* [Records to use]:
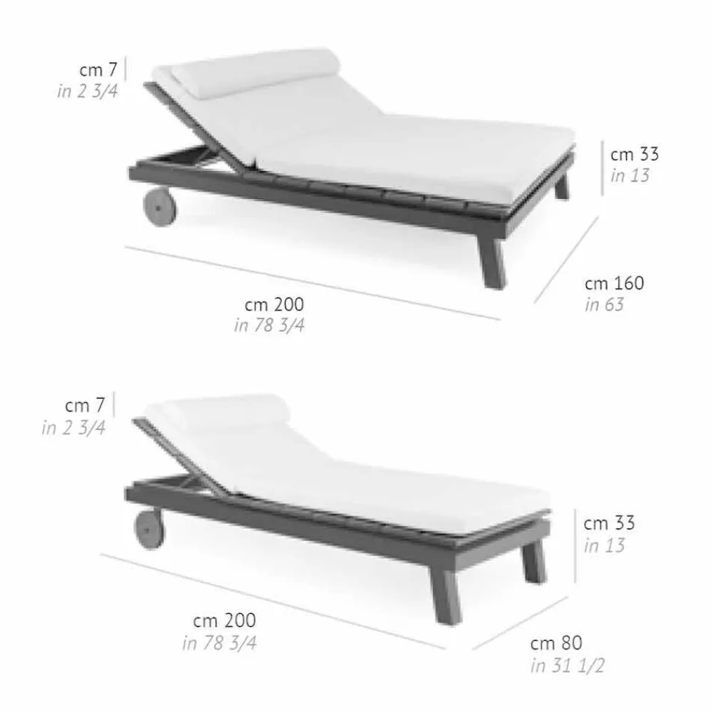 Diese Sonnenliege für den Außenbereich zeichnet sich durch eine Strukturgeometrie aus Aluminium aus, die mit Epoxidpulvern in zwei Ausführungen lackiert ist.
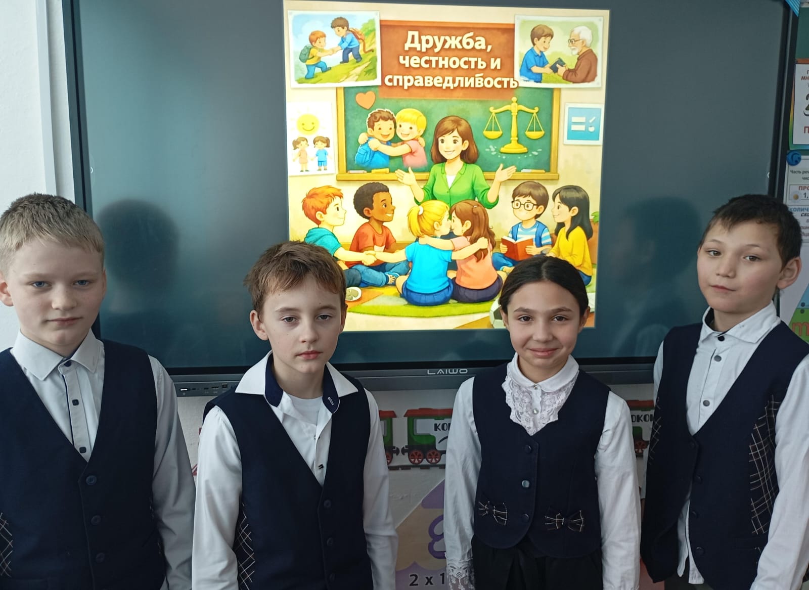 В начальных классах обсуждали тему «Дружба, честность и справедливость».
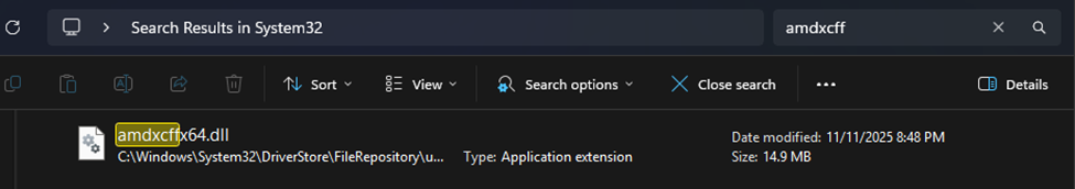 Последний шаг перед запуском — перенести файл amdxcffx64.dll из системной директории Windows.
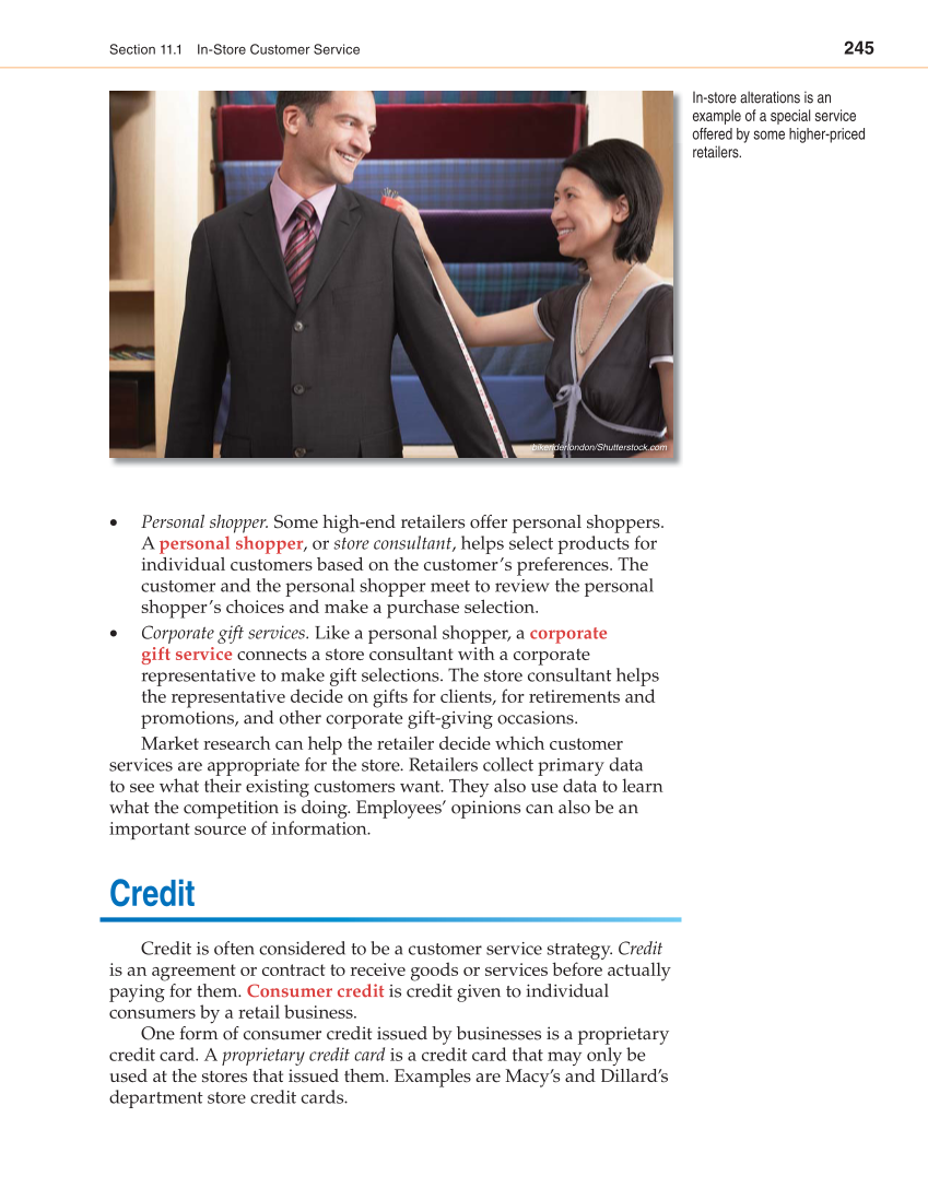 245 Section 11.1 In-Store Customer Service • Personal shopper. Some high-end retailers offer personal shoppers. A personal shopper, or store consultant, helps select products for individual customers based on the customer’s preferences. The customer and the personal shopper meet to review the personal shopper’s choices and make a purchase selection. • Corporate gift services. Like a personal shopper, a corporate gift service connects a store consultant with a corporate representative to make gift selections. The store consultant helps the representative decide on gifts for clients, for retirements and promotions, and other corporate gift-giving occasions. Market research can help the retailer decide which customer services are appropriate for the store. Retailers collect primary data to see what their existing customers want. They also use data to learn what the competition is doing. Employees’ opinions can also be an important source of information. Credit Credit is often considered to be a customer service strategy. Credit is an agreement or contract to receive goods or services before actually paying for them. Consumer credit is credit given to individual consumers by a retail business. One form of consumer credit issued by businesses is a proprietary credit card. A proprietary credit card is a credit card that may only be used at the stores that issued them. Examples are Macy’s and Dillard’s department store credit cards. In-store alterations is an example of a special service offered by some higher-priced retailers. bikeriderlondon/Shutterstock.com
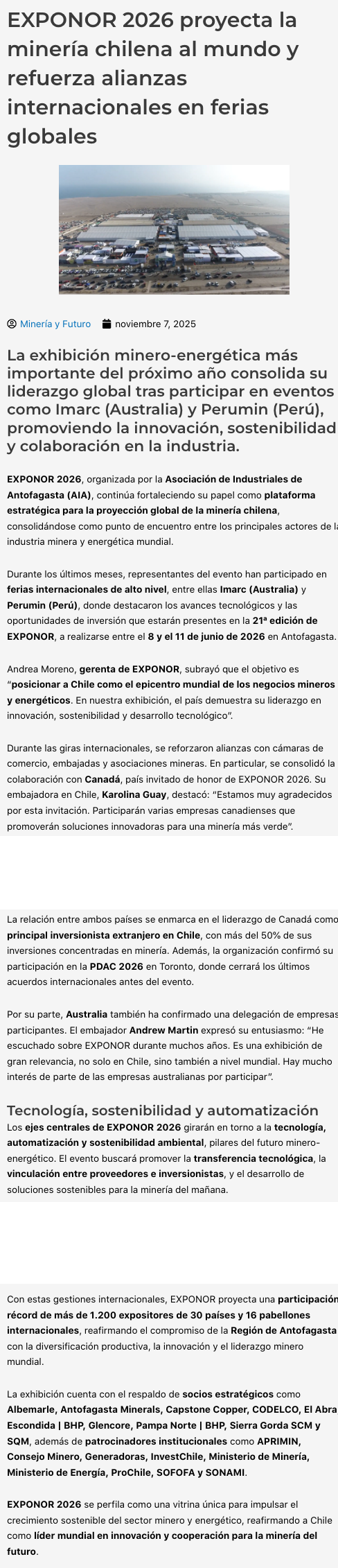 mineriayfuturo.cl - Viernes, 7 de Noviembre de 2025

* [Exercise description]: All records above need to be returned exactly. Omit the pictures.

* [Exercise output]:
 Diese Sonnenliege für den Außenbereich zeichnet sich durch eine Strukturgeometrie aus Aluminium aus, die mit Epoxidpulvern in zwei Ausführungen lackiert ist.
 В начальных классах обсуждали тему «Дружба, честность и справедливость».
 Последний шаг перед запуском — перенести файл amdxcffx64.dll из системной директории Windows.
 245 Section 11.1 In-Store Customer Service • Personal shopper. Some high-end retailers offer personal shoppers. A personal shopper, or store consultant, helps select products for individual customers based on the customer’s preferences. The customer and the personal shopper meet to review the personal shopper’s choices and make a purchase selection. • Corporate gift services. Like a personal shopper, a corporate gift service connects a store consultant with a corporate representative to make gift selections. The store consultant helps the representative decide on gifts for clients, for retirements and promotions, and other corporate gift-giving occasions. Market research can help the retailer decide which customer services are appropriate for the store. Retailers collect primary data to see what their existing customers want. They also use data to learn what the competition is doing. Employees’ opinions can also be an important source of information. Credit Credit is often considered to be a customer service strategy. Credit is an agreement or contract to receive goods or services before actually paying for them. Consumer credit is credit given to individual consumers by a retail business. One form of consumer credit issued by businesses is a proprietary credit card. A proprietary credit card is a credit card that may only be used at the stores that issued them. Examples are Macy’s and Dillard’s department store credit cards. In-store alterations is an example of a special service offered by some higher-priced retailers. bikeriderlondon/Shutterstock.com
 mineriayfuturo.cl - Viernes, 7 de Noviembre de 2025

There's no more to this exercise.